Use the p-value to determine whether to reject the null hypothesis (or, alternatively, to decide that the null hypothesis cannot be rejected)

Example: In our vaccination example, we would look at the difference in these two populations (control vs. vaccinated) and if the difference between those two probabilities was larger than we would expect to occur under the null hypothesis (which, but assuming that the vaccine is no better than a placebo, assumes that these two groups are equivalent and therefore that any differences are due to random chance alone), then we would reject the null hypothesis that the vaccine is equivalent to the placebo. (Note that I haven’t said anything about whether the vaccine lowers infection rates; in a few minutes we’ll discuss one-tailed vs. two-tailed tests.)

These steps apply for both parametric and non-parametric statistics. Here we are introducing hypothesis testing through the lens of randomization procedures, but the same steps will be used again when we get into statistics involving parametric distributions (i.e. statistical distributions of known form and described by a finite number of parameters) and their properties. As you will see in a few weeks, most standard statistical tests involve a test statistic with a known distribution under the null hypothesis; here the distribution under the null hypothesis needs to be generated by randomization (randomization test). (We are starting with the randomization-based procedures because there is no math involved and it is more intuitive.)

The basic idea underlying all statistical tests: What is the probability that I would get a test statistic as large or larger (as produced by the data) if the null hypothesis was true (this is the “p-value”). To answer this question we need (1) a test statistic and (2) a distribution under the null hypothesis.

p-value = $P(data|H_{0})$

Remember – the p-value is a statement about the probability of getting your data if the null hypothesis were true. It is not a statement about the probability that the null hypothesis is true. This logic can go wrong!!

Example: If a person is an American, he is probably not a member of Congress. This person is a member of Congress. Therefore he is probably not an American.

Let’s draw a null distribution. In order to interpret the statistical test, we need to know whether we want a one-tailed test or a two-tailed test. In a one-tailed test, we would reject the null hypothesis only if the test statistic is larger than expected under in the null in one direction (5$%$ in one tail). In a two-tailed test, we would reject the null if the test statistic is larger in either direction (2.5$%$ in both tails).

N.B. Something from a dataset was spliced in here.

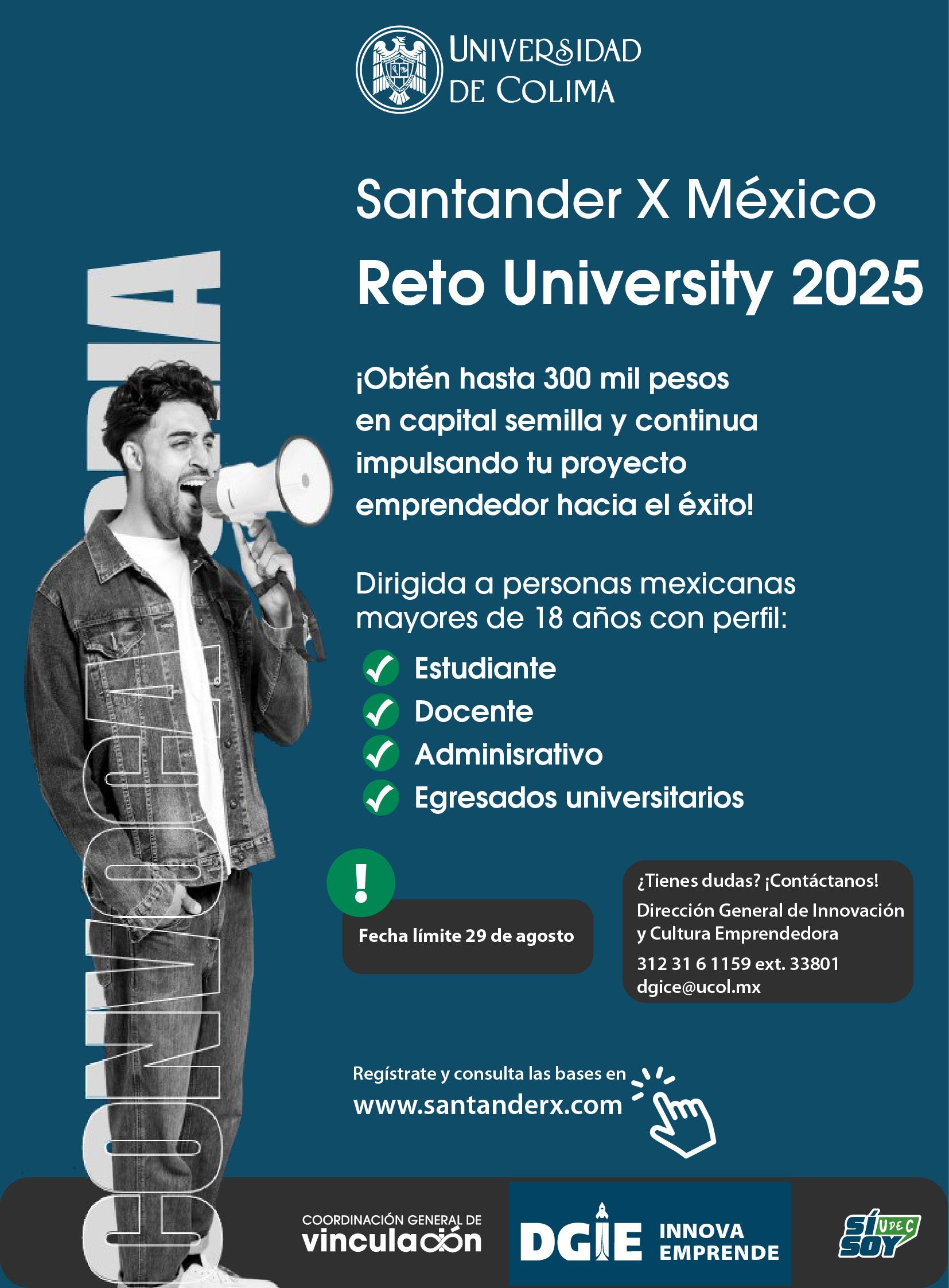 La Dirección General de Innovación y Cultura Emprendedora (DGIE) de la Universidad de Colima (UdeC), invita a participar en las convocatorias Santander X México, una plataforma del Banco Santander que se dedica a apoyar a emprendedores y la innovación en el país. Quienes se interesen en participar pueden hacerlo a través de 2 convocatorias Reto University, dirigido a estudiantes, egresados y docentes; y Reto Startup, pensado en

Example: Let’s say I’m looking at the change in auto accident mortalities after a ban is enacted on driving while texting. We would expect that auto accident mortality would decrease after a ban on texting while driving. Let’s say, for arguments sake, that our test statistic T is the change in accident deaths

$H_{0}$: T=0 (no change in deaths)

$H_{A}$: T<0 (decline in deaths)

Another possible formulation of the null and alternative hypotheses is

$H_{0}$: T=0 (no change in deaths)

$H_{A}$: T $\neq$ 0 (increase or decline in deaths)

Why does it matter?

Consider the first case. To reject the null hypothesis, you would have to show that the measured decline $T^*$ was so large as to be very unlikely to have occurred by random chance assuming there was no true change in death rate. Therefore, you would require

$P(T \geq T^{*}│H_{0})<0.05$

to be true for you to decide to reject the null hypothesis. This is a one-tailed test.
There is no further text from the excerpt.